*Work instruction*: Every record should be restated exactly, with no images included.

*Supplied material*:
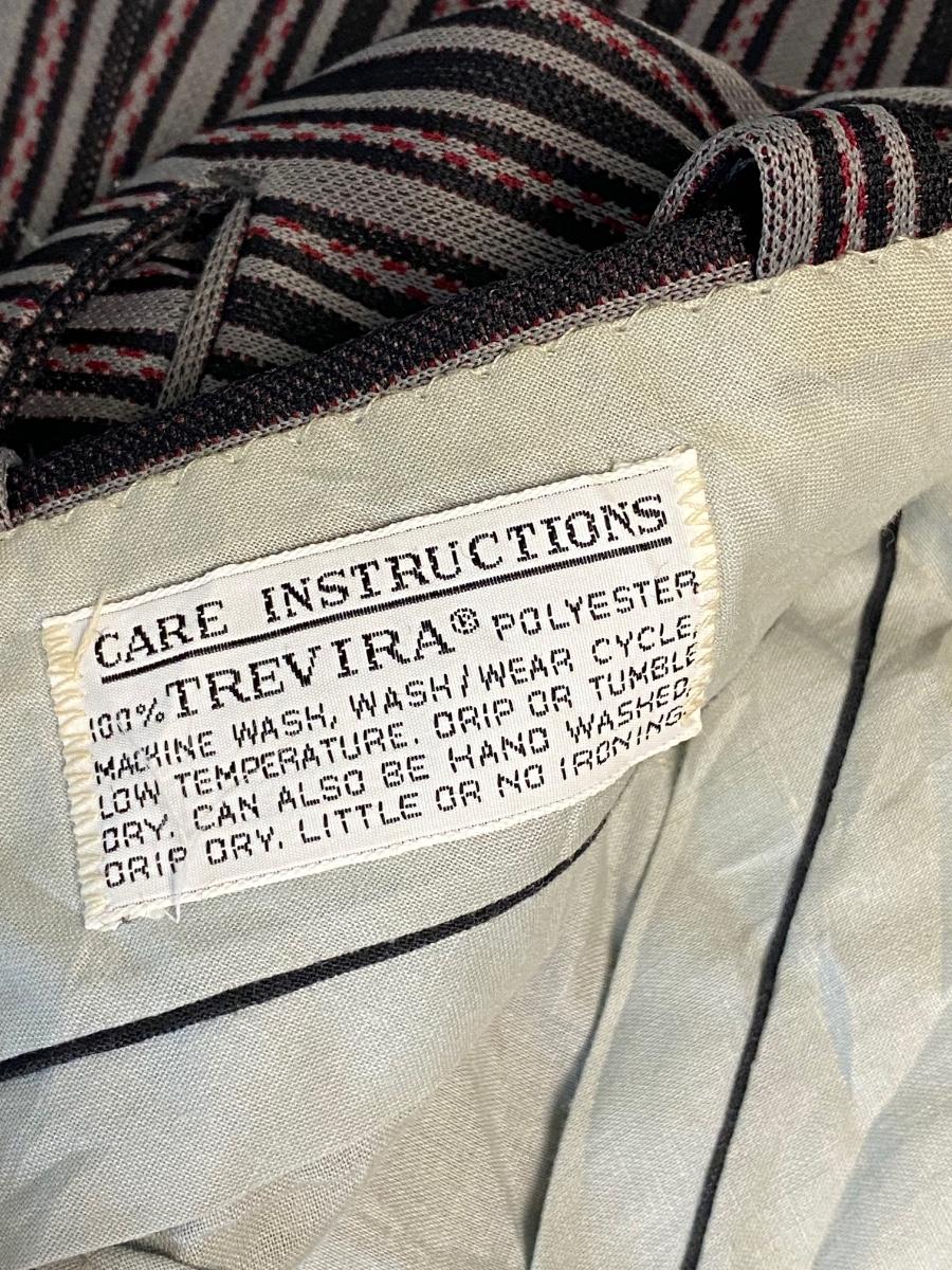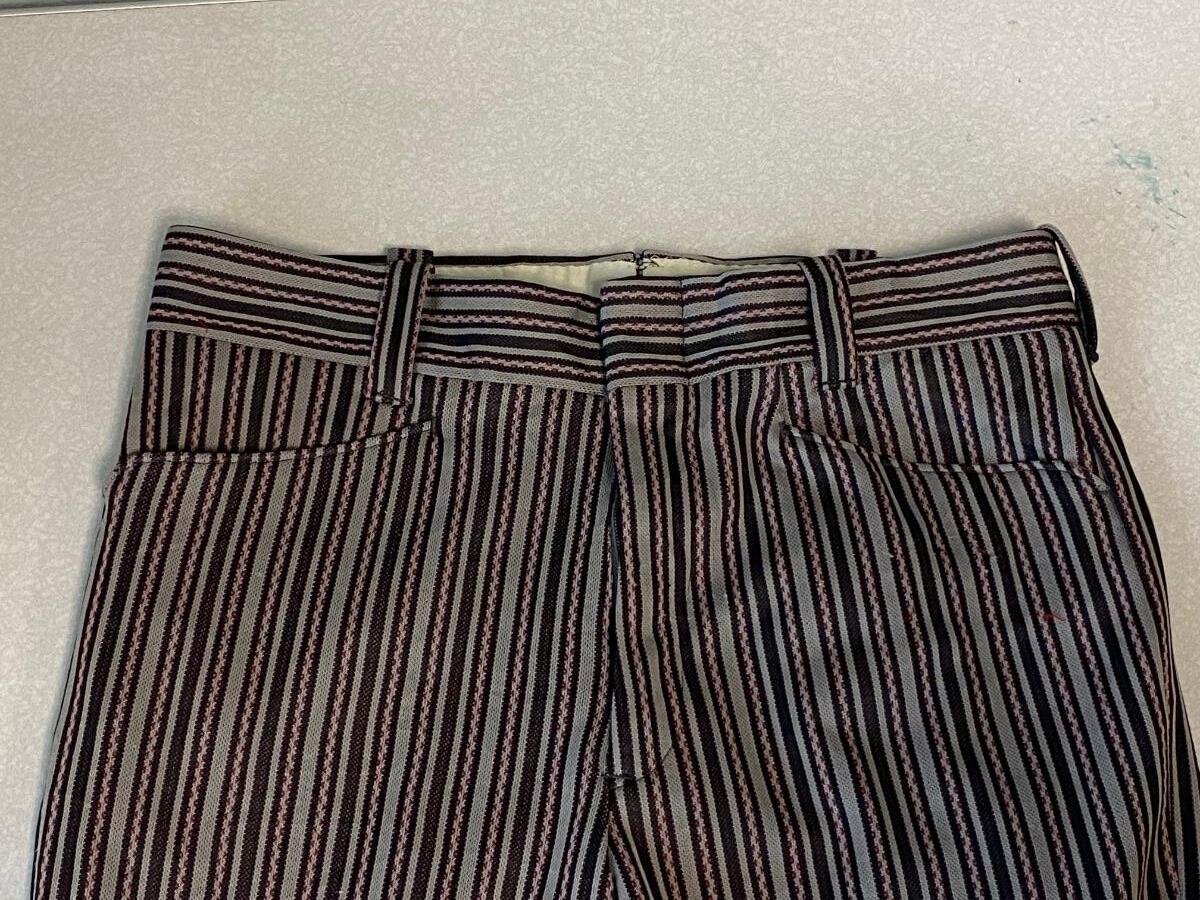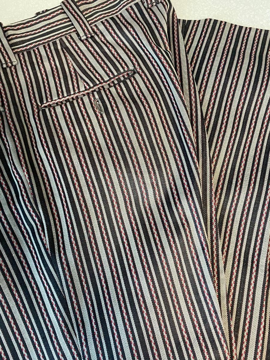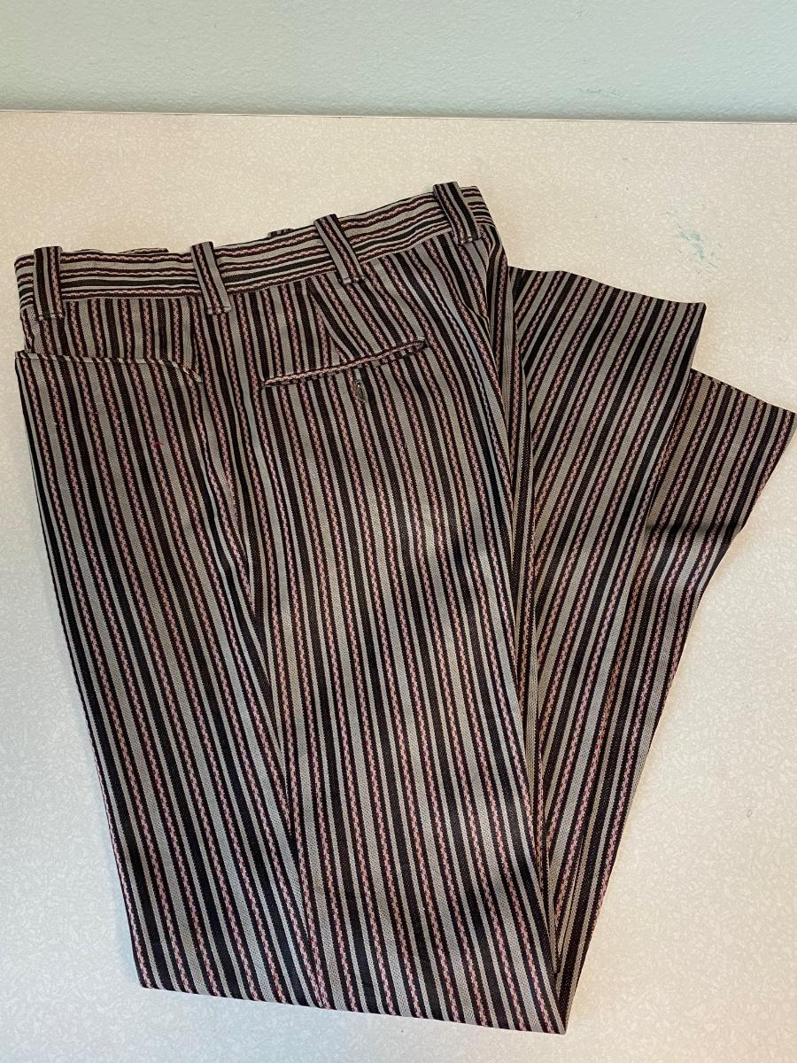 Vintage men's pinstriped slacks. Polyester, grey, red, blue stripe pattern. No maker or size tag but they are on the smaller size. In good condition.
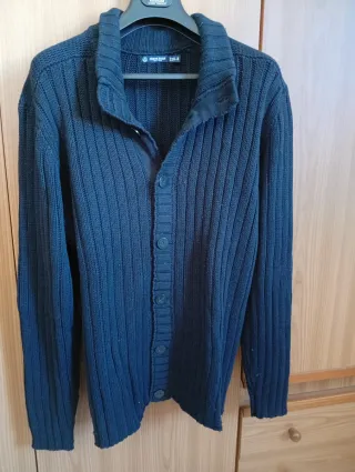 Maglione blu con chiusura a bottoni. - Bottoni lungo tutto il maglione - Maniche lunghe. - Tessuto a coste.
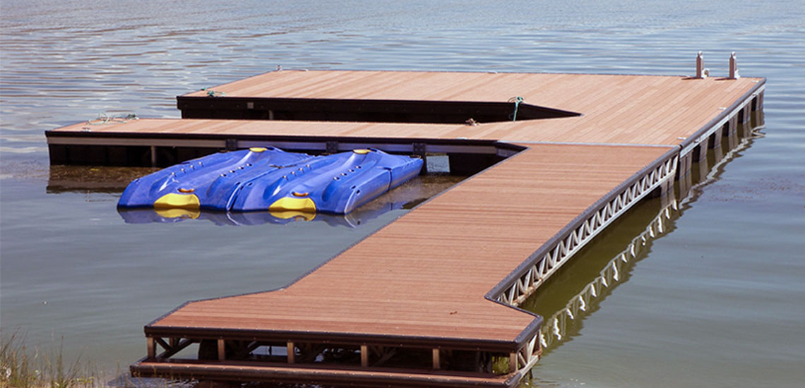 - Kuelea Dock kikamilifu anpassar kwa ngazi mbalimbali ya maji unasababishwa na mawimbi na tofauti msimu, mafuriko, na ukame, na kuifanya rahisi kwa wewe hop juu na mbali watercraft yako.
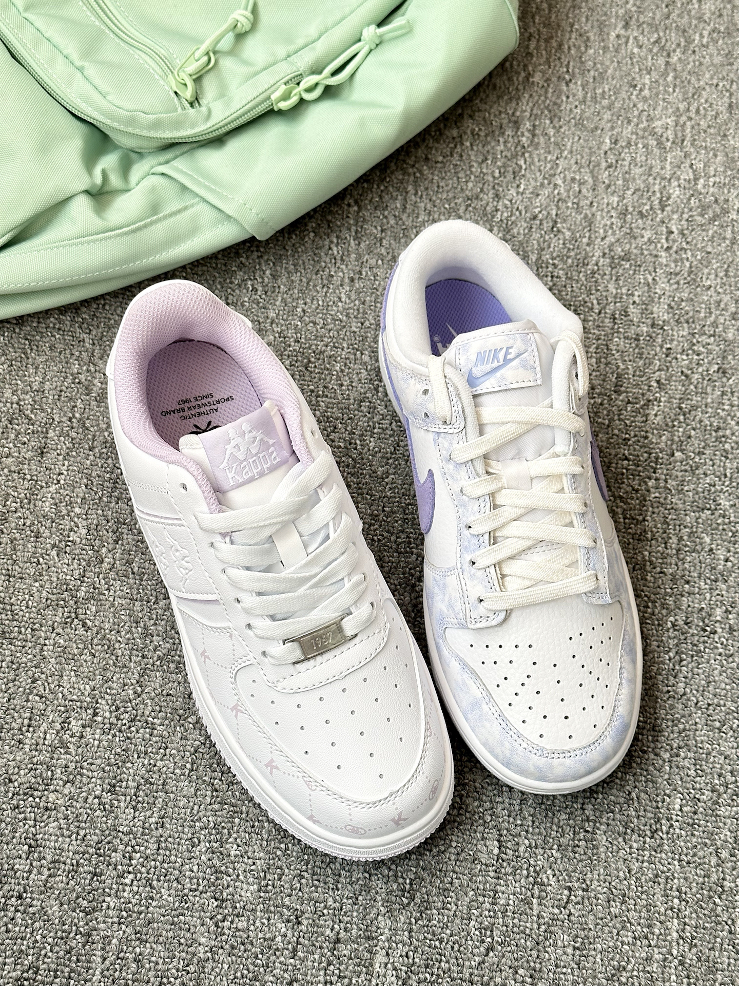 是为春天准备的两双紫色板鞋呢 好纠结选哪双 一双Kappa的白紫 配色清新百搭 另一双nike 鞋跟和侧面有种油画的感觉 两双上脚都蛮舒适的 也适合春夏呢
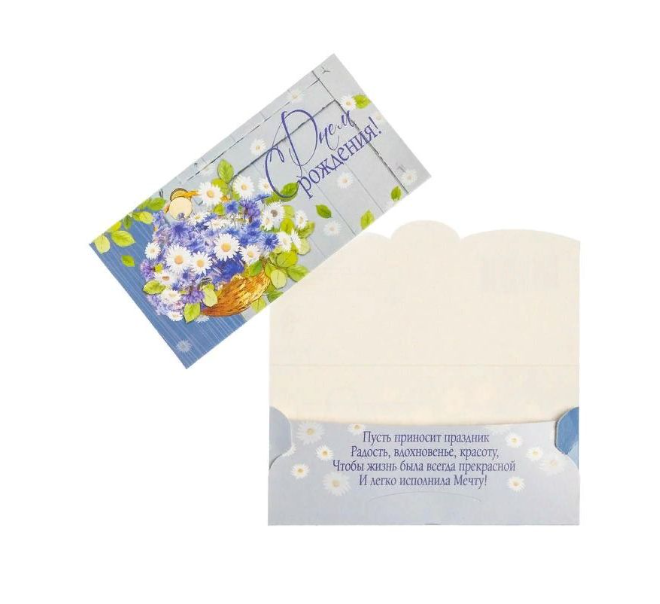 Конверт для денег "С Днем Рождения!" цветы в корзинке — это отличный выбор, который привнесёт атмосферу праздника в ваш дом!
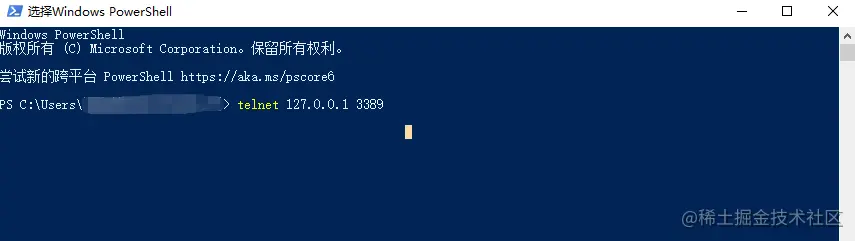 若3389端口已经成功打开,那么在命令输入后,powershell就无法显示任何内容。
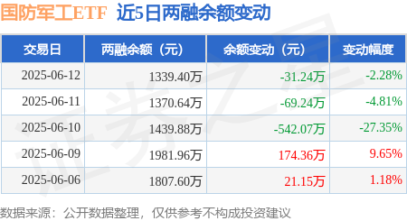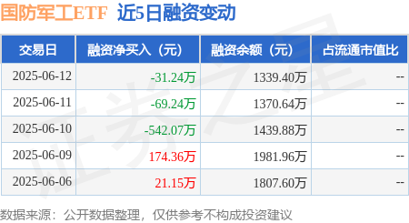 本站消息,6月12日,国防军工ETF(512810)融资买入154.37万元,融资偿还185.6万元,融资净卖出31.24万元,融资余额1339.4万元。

*The completed task*:
 Vintage men's pinstriped slacks. Polyester, grey, red, blue stripe pattern. No maker or size tag but they are on the smaller size. In good condition.
 Maglione blu con chiusura a bottoni. - Bottoni lungo tutto il maglione - Maniche lunghe. - Tessuto a coste.
 - Kuelea Dock kikamilifu anpassar kwa ngazi mbalimbali ya maji unasababishwa na mawimbi na tofauti msimu, mafuriko, na ukame, na kuifanya rahisi kwa wewe hop juu na mbali watercraft yako.
 是为春天准备的两双紫色板鞋呢 好纠结选哪双 一双Kappa的白紫 配色清新百搭 另一双nike 鞋跟和侧面有种油画的感觉 两双上脚都蛮舒适的 也适合春夏呢
 Конверт для денег "С Днем Рождения!" цветы в корзинке — это отличный выбор, который привнесёт атмосферу праздника в ваш дом!
 若3389端口已经成功打开,那么在命令输入后,powershell就无法显示任何内容。
 本站消息,6月12日,国防军工ETF(512810)融资买入154.37万元,融资偿还185.6万元,融资净卖出31.24万元,融资余额1339.4万元。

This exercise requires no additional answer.